I don't agree with the slogan "once a cheater always a cheater" as I am living proof it doesn't hold up.

I can't really imagine having to forgive my husband for cheating because I haven't had to even place that thought in my mind. So, this is a question I am unable to answer. ;)

Kimberley
09-08-2006, 11:28 AM
I would never stay with any man that cheated on me. JMO I've forgiven enough other crap to let that slide.

hmmm...you got a point there!

RLC12345678
09-08-2006, 01:41 PM
I've already told my hubby that if he ever cheats on me, I'm divorcing him and taking all of his money with me! ;) I won't think twice about doing it either.

Khristine
09-08-2006, 11:03 PM
I honestly dont know what I would do if my hubby cheated on me! I dont think I could ever leave him, Ive been with him since I was 15 and I love him more than anything in this world! I know I would be extremely hurt but I honestly dont know if I could leave him for it! I think it would make for an extremely hard marriage but I cant imagine my life without him :(


i feel the same way.. i've been with him since i was 14.. and have gone through SO much with him.. he's my rock my bestfriend my everything.. i'd be SO extremely hurt if my boyfriend ever cheated on me..

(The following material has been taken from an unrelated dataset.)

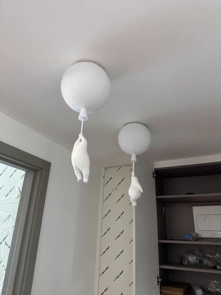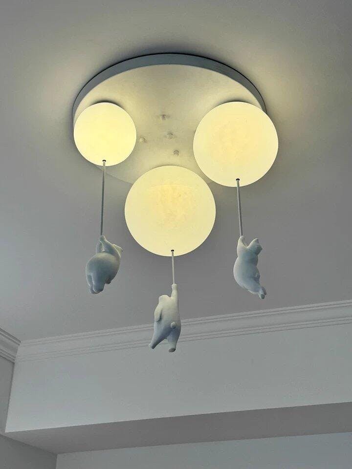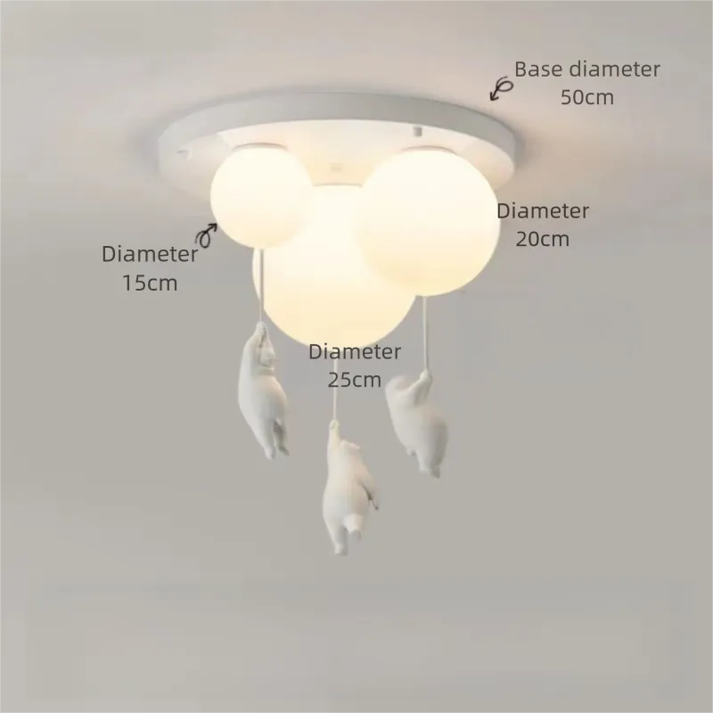 This Creative Bear Balloon Ceiling Light is designed with an adorable bear and balloon elements, bringing a playful and heartwarming touch to your child's room. The soft lighting provides a comfortable environment, enhancing the room's ambiance and creating a dreamy, fairytale-like atmosphere. Made from high-quality resin, it is durable and ensures long-lasting use. Available in various sizes to fit different room layouts, adding warmth and joy to your child's growing space.

but i do believe that he would end it with me instead of cheating on me... hes a great man :)

ice queen
09-08-2006, 11:57 PM
girl what you doing up this late???:p

Khristine
09-09-2006, 01:49 PM
girl what you doing up this late???:p


lol it was only midnight where i was :) My daughter and I were waiting for my BF to come home from work to pick us up at my parents house since we stay there during the night while hes at work...

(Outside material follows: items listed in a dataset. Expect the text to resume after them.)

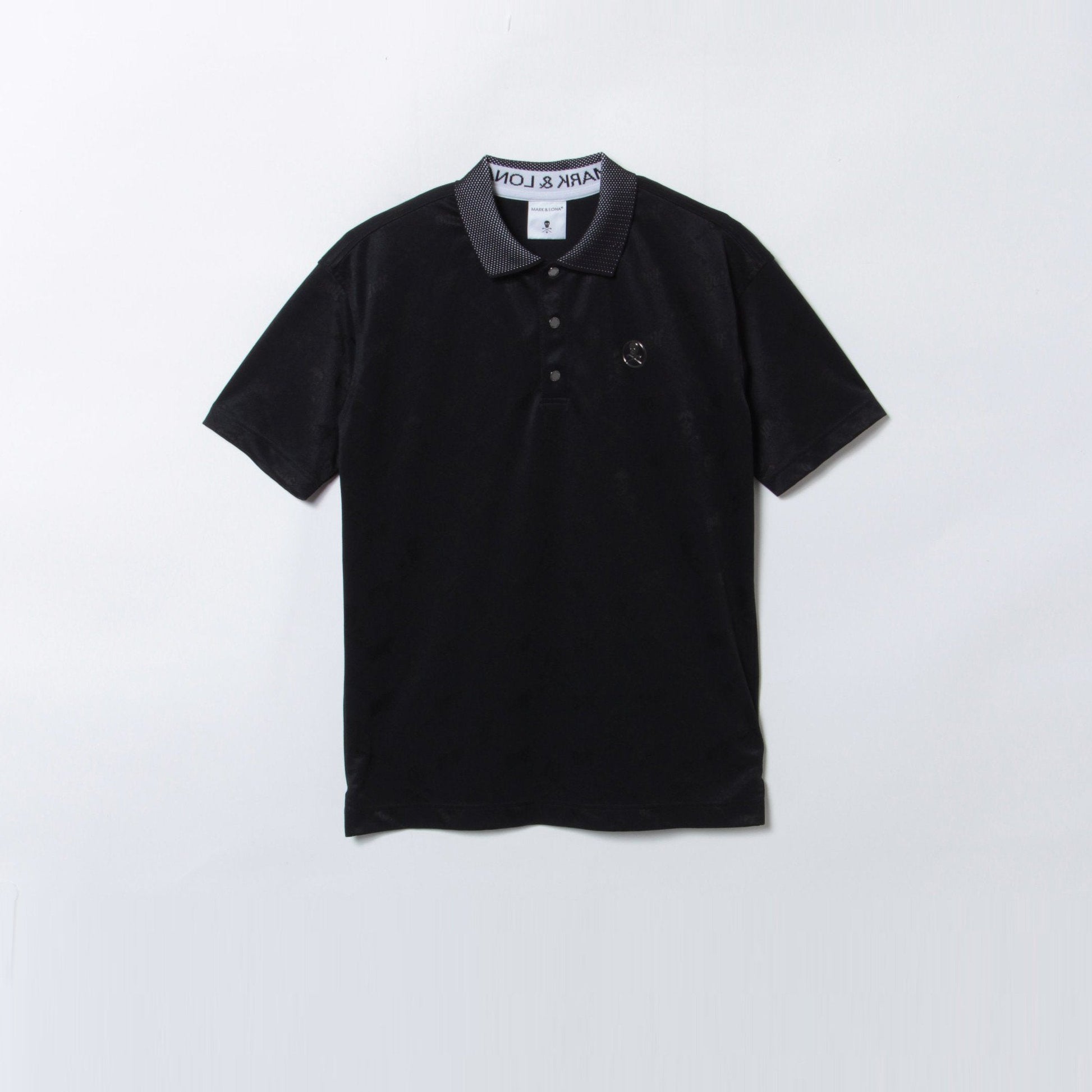 2022 SPRING | SUMMER COLLECTIONクラシカルなキルトスタイルのオリジナルパターンを、光沢のあるジャカード素材で表現した半袖ポロシャツ。左胸に3Dサークルスカル、ロゴ入りニットカラー、プラケットにはロゴ刻印のフラットメタルボタンを配しました。身頃と肩まわりにゆとりをもたせつつ、袖をシャープに仕上げた洗練されたスタイルです。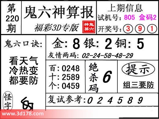 3d第18220期鬼六神算报为您推荐鬼六口诀: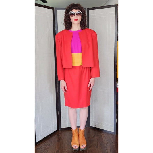 Vintage 80s Colorblock Dress + Jacket Set Orange Yellow Fuschia PS1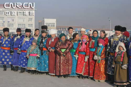 蒙古族冬裝格外鮮艷

i had just finished watching Veronica Mars the complete season 1 lol ;)

ice queen
09-09-2006, 02:09 PM
i've watched a few of those shows they are pretty cool....but between hubby wanting to watch the nerd channels (discovery channel or history channel) and the kids fighting over cartoon network...poor little mommy doesn't get to watch to much...although they know when the closer and sex in the city come on they better get out my face...haha!!!;)

khardy57
09-10-2006, 01:41 PM
My first husband will tell you that I don't forgive, I get even! When I divorced him I didn't leave him a pot to pee in or a window to throw it out. I fully believe that the first time a man cheats is the hardest time. That's when he has to deal with his conscience. After that, it's all downhill.